IMPLEMENTATION DAY = Creating Bill of Rights
o Once the students return back, the final step of the action project is to facilitate the action
plan. As a class discuss the students ideas and generate approx. 10 rights they believe will
set as a good example for their school community.
o The principal will visit the classroom and this is when the students have the opportunity to
share their list and represent why these rights would apply to the whole school community.
o After the principal hears their pitch, the goal is to have their bill permanently posted in the
school as a way to celebrate their accomplishments of successfully promoting engagement
and community building for all members.
o Follow up: this task will keep the students actively involved in tackling other justice issues
in their community and serves a platform for diversity and peace against other injustices
5. Reflection: I chose to execute my activity this way because I believe one activity cannot grasp
all the importance that social justice can demonstrate in a community. Leaning towards a global
perspective for educators, a good educator must incorporate the current curriculum and integrate
naturally integrate social justice with it.
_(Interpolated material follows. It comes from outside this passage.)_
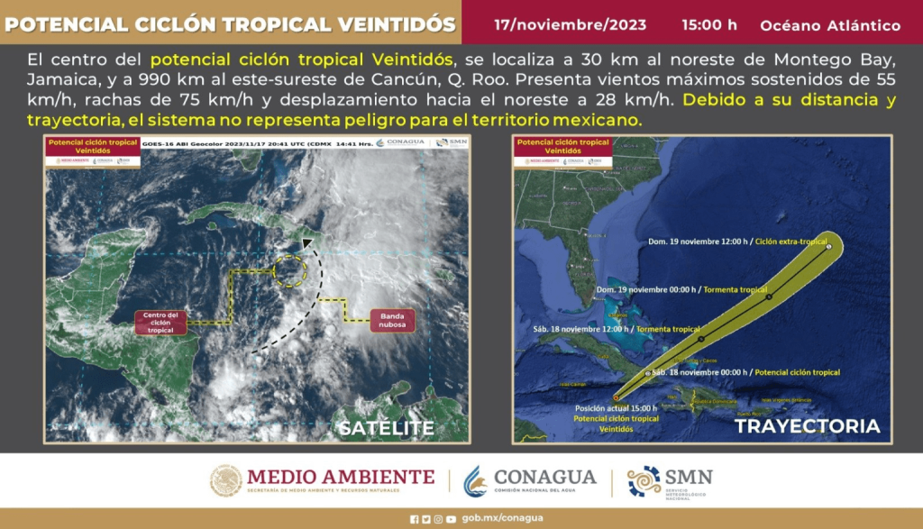 Por otra parte, la Comisión Nacional del Agua (Conagua) señaló que un sistema anticiclónico en niveles medios ocasionará escaso potencial de lluvia y ambiente vespertino cálido.

In the 21st century, technology and student-centered
learning is at its prime, which is why I chose this approach as most effective. Although I only
covered 5 issues regarding injustices globally, I feel as though the students will understand that
social justice is like building blocks that continue to build on each other for complete peace,
respect, justice and diversity for all members.
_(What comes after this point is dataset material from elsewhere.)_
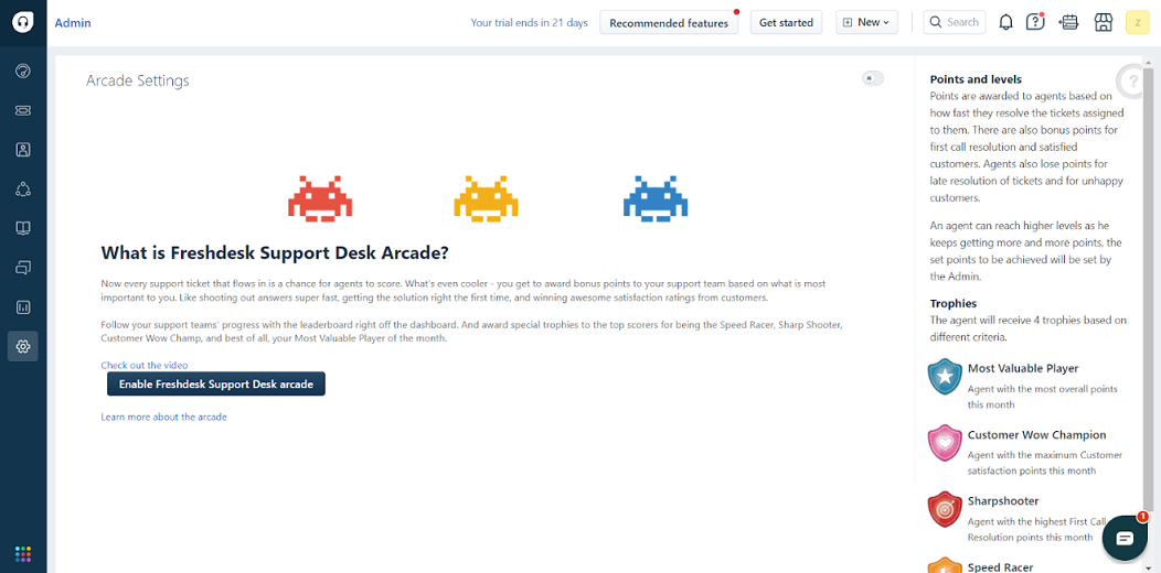 Sau khi hoàn tất, bước tiếp theo là bật Support Desk Arcade của Freshdesk trong phần setting.

When students are in control of their learning, they develop the essential skills that teach them to
be active participants. Having the students complete an action project I felt would be most
beneficial for their learning because they had to learn about social justice, think about each of the
5 critical issues and take action by completing the activities and collectively creating the new bill
of rights. With this process students were both the actors and leaders that created a balance of
power in the classroom and supported creative, critical and higher level thinking of diversity
through education.
To ensure there wasnt any bias for any of the students, covering all aspect of justice and
participating in the different activities had the students work towards a common goal, shape
social context through experience and develop empathy towards global issues.
Having the students present their bill of rights to the principal made the experience more
personal and the research process more stimulating because they got responses for their hard
work, making the experience positive and rewarding.
Finally, this approach made the students join as a community to understand other peoples
perspectives, learn about injustices and together confront these injustices in a manner that helped
them build positive motivation for themselves as a learner and a group citizen.